Structured tables are tables that have clearly defined column headers. But with semi-structured tables, the data may not follow a strict structure. For example, data may appear in a tabular structure other than a table with defined headers. The new entity types provide the flexibility to choose which tables to keep or drop during post-processing. The image below shows an example STRUCTURED_TABLE
i SEMI_STRUCTURED_TABLE
.
Parsing the API output
In this section, we explore how you can use the Amazon Textractor library to post-process the output of the API AnalyzeDocument
with improvements to the Tables feature. This allows you to extract relevant information from the tables.

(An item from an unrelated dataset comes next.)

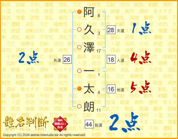 阿(8画)久(3画)澤(17画) 一(1画)太(4画)朗(11画)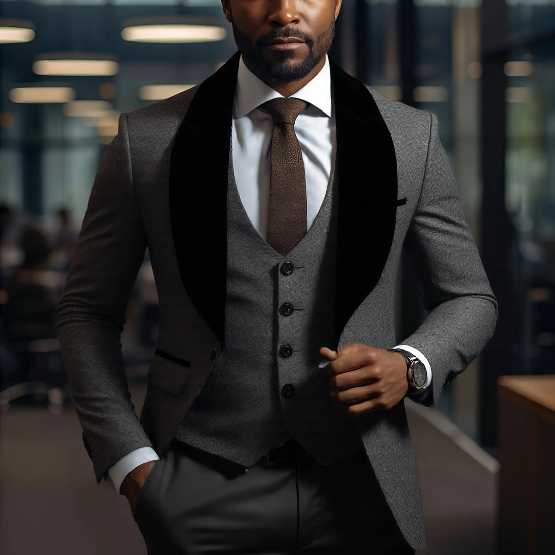 Mens 3 Piece Floral Tuxedo, Jacquard Slim Suit Set, Paisley Blazer Vest And Pants For Prom Wedding

Textractor is a library built to work seamlessly with Amazon Texttract APIs and utilities to later convert the JSON responses returned by the APIs into programmable objects. You can also use it to view entities in the document and export the data in formats such as comma-separated value (CSV) files. It is intended to help Amazon Texttract customers configure their post-processing pipelines.
In our examples, we use the following sample page from an SEC 10-K filing.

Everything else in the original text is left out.